Anti-union trustee resigns
Peter Pantaleo, who served more than seven years on the CUNY Board of Trustees, resigned this February after waiting months for Governor Andrew Cuomo to nominate his successor. His term expired in June of last year.
“I tried to follow the tradition of staying on the board until the governor appoints somebody,” Pantaleo told Conor Skelding of Politico New York. “The press of my law practice was such that I really could not do that any longer.”
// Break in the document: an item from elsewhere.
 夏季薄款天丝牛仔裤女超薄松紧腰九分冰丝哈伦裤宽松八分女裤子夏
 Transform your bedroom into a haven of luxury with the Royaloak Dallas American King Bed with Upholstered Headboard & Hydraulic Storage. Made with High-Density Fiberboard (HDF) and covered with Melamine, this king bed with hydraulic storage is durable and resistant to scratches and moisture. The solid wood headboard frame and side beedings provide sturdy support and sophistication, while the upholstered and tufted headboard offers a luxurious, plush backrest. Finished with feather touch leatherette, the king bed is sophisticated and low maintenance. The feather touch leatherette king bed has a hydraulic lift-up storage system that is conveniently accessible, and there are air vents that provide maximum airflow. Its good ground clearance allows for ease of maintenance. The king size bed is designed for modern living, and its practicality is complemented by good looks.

Pantaleo is general counsel for the American division of the management-side employment law firm DLA Piper LLP. He has represented major Las Vegas casinos in anti-union efforts, and in May 1998, he co-authored a Gaming Law Review and Economics article describing strategies for “lessening the power” of the Hotel Employees and Restaurant Employees Union, according to a March 25, 2013, blog post on the website of the PSC chapter at Brooklyn College.
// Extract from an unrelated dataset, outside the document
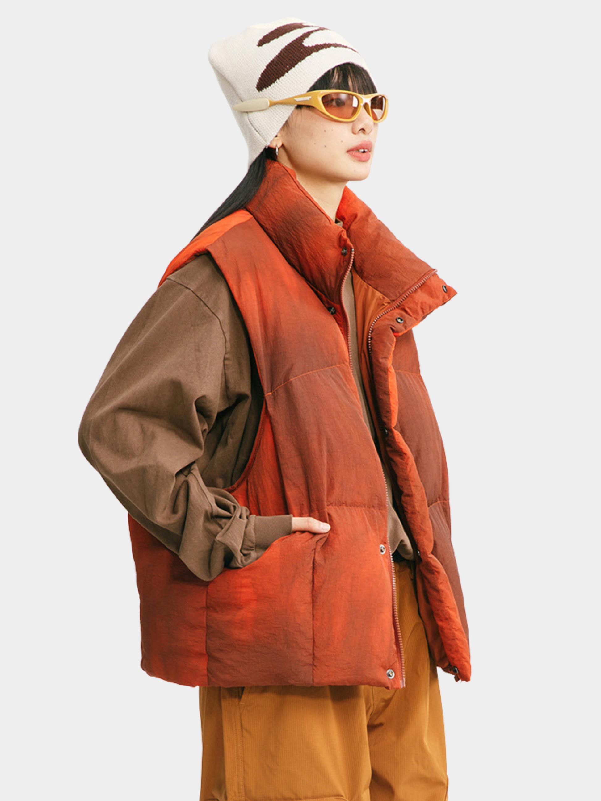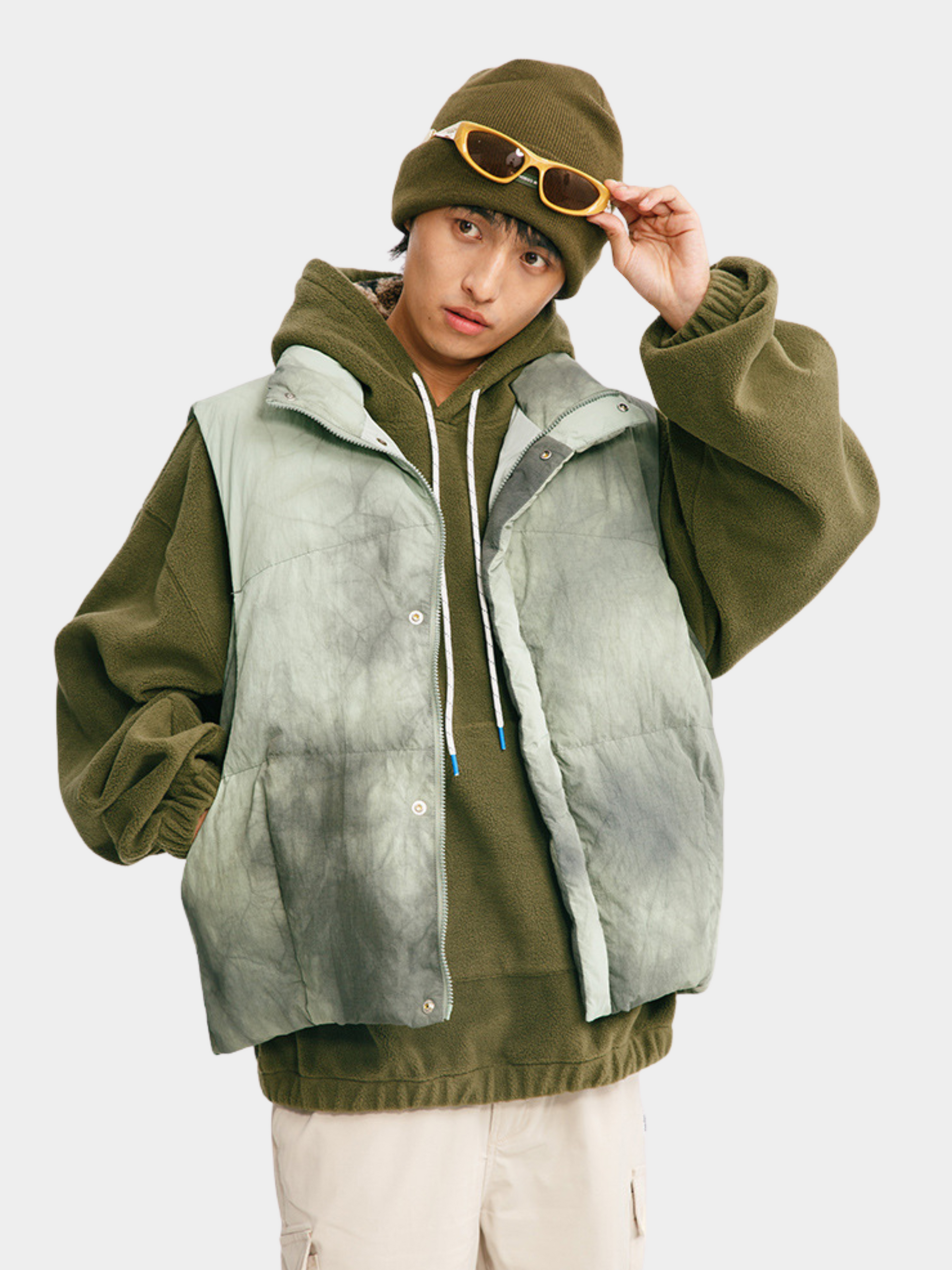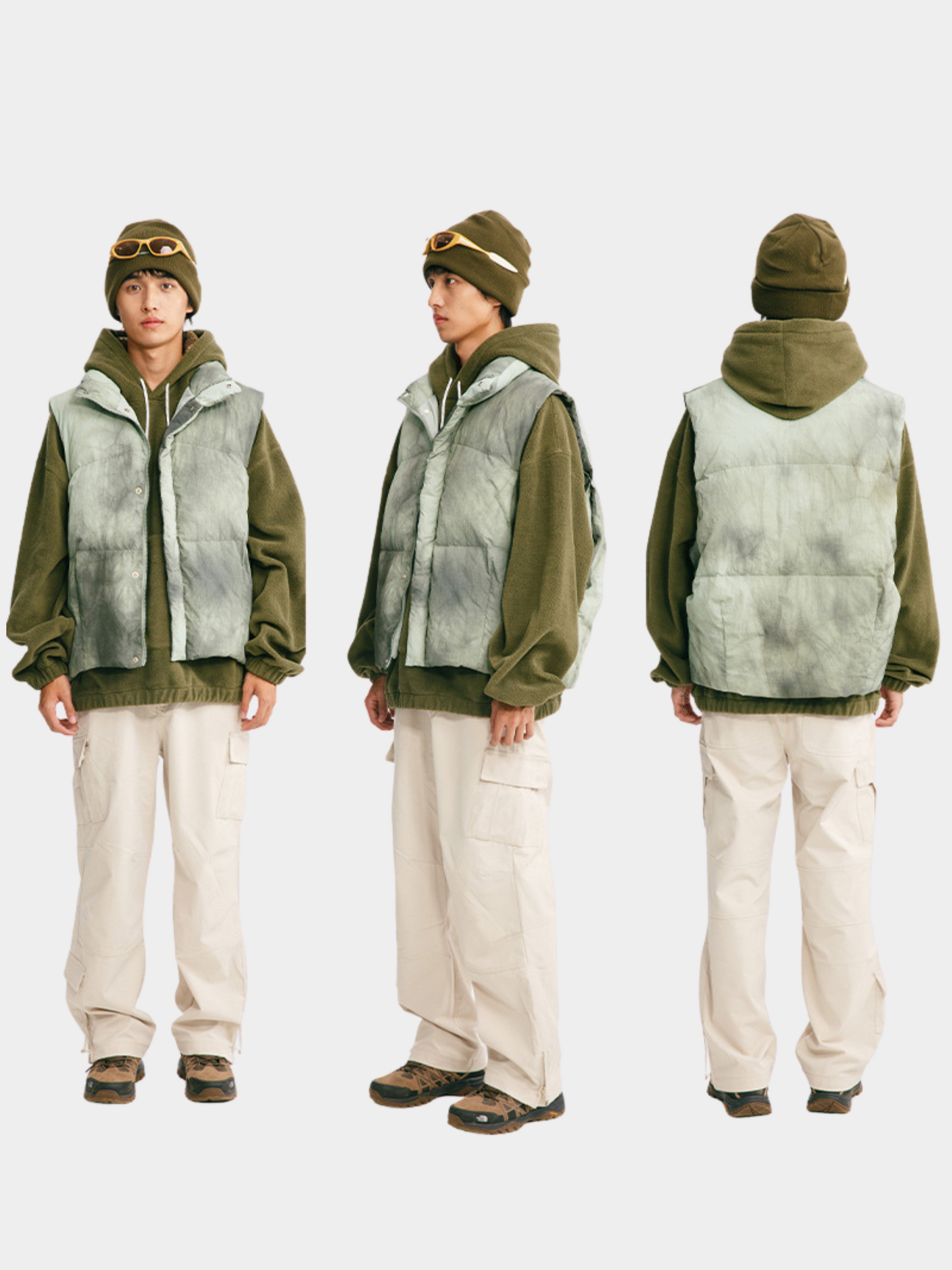 #Daunenweste #HandgefärbteOberbekleidung #WeißeEntendaunen #TechwearStil #WasserabweisendeWeste

The board consists of 17 members, including the vacant seat left by Pantaleo’s resignation. (At press time, Cuomo had not named a successor.) Currently three members are serving expired terms, including Board Chair Benno Schmidt, whose term expired in 2013.
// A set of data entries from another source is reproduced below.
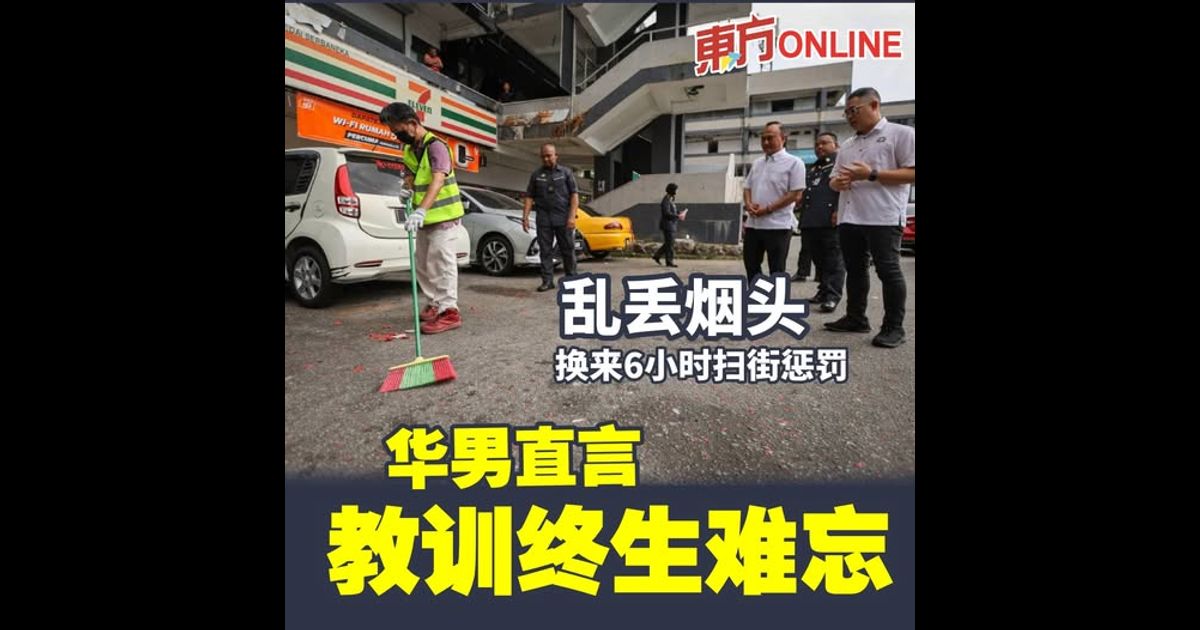 (新山13日讯)  华裔男子乱抛烟头,被执法人员当街取缔后,换来罚款及6小时的扫街社区服务,直言教训让他终身难忘,并承诺绝不再犯。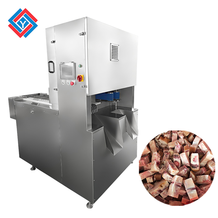 产品特色1. 双功能一体设计多段锯切:可同时完成多段切割(个性化定制4锯/6锯/8锯配置),适用于排骨、腿骨、冻肉等原料的批量处理。开半功能:猪脚、牛蹄等,精准对半剖开,切口平整,减少碎骨,提升出成率。2. 数字化设定触摸屏控制:参数可视化调节(切割速度、锯条选择等),支持一键切换功能模式。自动送料系统:链条输送稳定,配合防卡料设计,保障连续生产。3. 安全稳定多重防护:急停按钮、安全门开关、锯条脱落检测,确保操作安全。工业级配置:高功率电机+进口锯条,适应高强度作业;304不锈钢材质,防锈易清洁。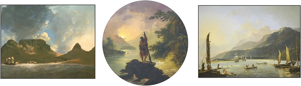 xxxxxIn August 1768, as lieutenant in charge of the Endeavour, a sturdy Whitby collier, he was given command of a scientific expedition to Tahiti in the South Pacific to observe Venus eclipsing the Sun, a rare phenomenon. Organised by the Royal Society, he had on board some artists, an astronomer (Charles Green), and two botanists, Joseph Banks and Daniel Solander. Having reached Tahiti (illustrated) and successfully witnessed the eclipse in June 1769, he then set out to find Terra Australis Incognita, an unknown continent thought to be situated further south. He passed through the Society Islands and then, sailing southwards, sighted New Zealand, first discovered by the Dutch navigator Abel Tasman in 1642. He spent several months surveying both islands, chartering and mapping some 2,400 miles of coastline and making a number of landings, the first being at Poverty Bay on the east coast of North Island where the Maoris were somewhat hostile.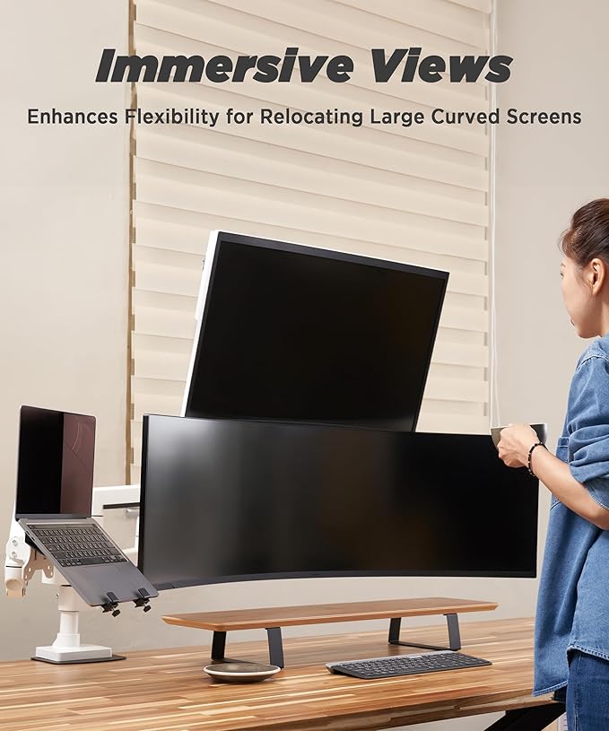 - Fits Ultra Wide Monitors - Holds one screen weighing up to 44 lbs. Fits ultrawide monitors up to 57" and downward compatible 49" to 24" flat, curved up to 1000R screens. The quick-release VESA bracket has 75x75mm and 100x100mm mounting capability.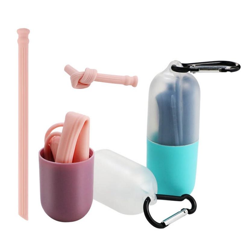 Portable Ecofriendly Reusable Boba Milk Water Drink Straw Collapsible Silicone Drinking Straws With Case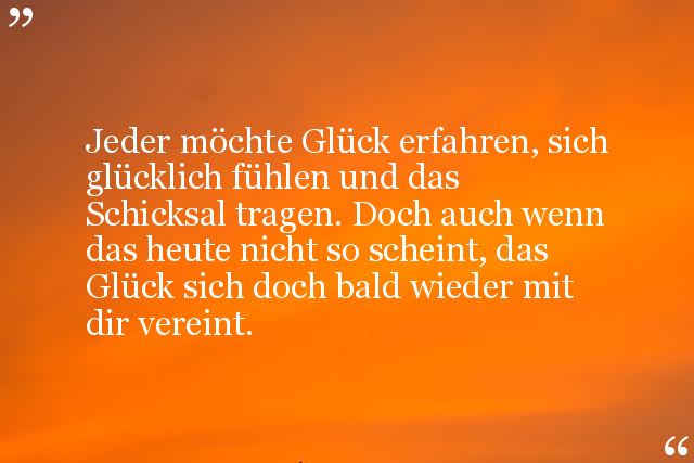 Jeder möchte Glück erfahren, sich glücklich fühlen und das Schicksal tragen. Doch auch wenn das heute nicht so scheint, das Glück sich doch bald wieder mit dir vereint.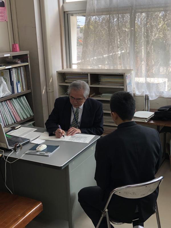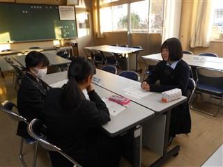 3年生の進路活動が一段落し、次年度に向けて2年生の就職希望者がキャリアサポーターの坂口さんと面談を行いました。現段階の希望を確認し、どのように進路先を決定していくかを坂口さんから話していただきました。みんな真剣な態度で臨んでいました。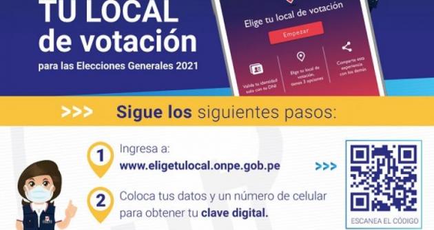 A través de aplicativo “Elige tu local de votación” desde cualquier equipo con internet, como un celular, computadora, laptop o tablet, el elector puede escoger hasta tres locales más cercanos a su domicilio, lo que evitará que el día de los comicios gaste tiempo y dinero en movilizarse.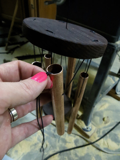 I hung the hanging plate through the center hole with my waxed cord, knotted a few times underneath the ‘plate’ and attached the striker block with a few knots under that as well. Although I didn’t have eye hooks, I think I still prefer the knots anyways. Next I hung my chimes using a continuous cord and knotted the final knot inside one of the chimes so it wouldn’t be visible.

Academic union may strike in April
Members of the California Faculty Association, who work in the nation’s largest university system, plan to strike in mid-April if an agreement with management is not reached. Union members have been demanding a 5 percent pay raise after years of stagnant salaries with raises that have not kept up with inflation. Management is offering a 2 percent increase. In October, a strike authorization vote was approved by more than 94 percent of members who cast ballots. If members walk off their jobs, it would be the largest strike at a four-year university in American history, according to the Los Angeles Times.
AFT resolution on Adjunct Action Day
Adjunct activists have hammered out a draft resolution designating April 25 as “Adjunct Action Day.” The resolution will be proposed at the AFT Higher Education Conference, which will convene in Las Vegas from April 1-3. The First Friday Committee of the PSC plans to raise awareness around adjunct issues on April 25.
Major collection donated to prison library
The estate of Manning Marable, a Pulitzer Prize-winning historian and a leading African-American intellectual, donated the late academic’s book collection to John Jay’s Prison-to-College Pipeline, an initiative at the upstate Otisville Correctional Facility. Marable, who died in April 2011, told his family in one of his passing wishes that he wanted his work to be accessible to incarcerated individuals. He authored 15 books, including Malcolm X: A Life of Reinvention and How Capitalism Underdeveloped Black America. Marable was the founding director of African American Studies at Columbia University and directed Columbia’s Center for Contemporary Black History. Leith Mullings, his widow, is a distinguished professor of anthropology at the Graduate Center.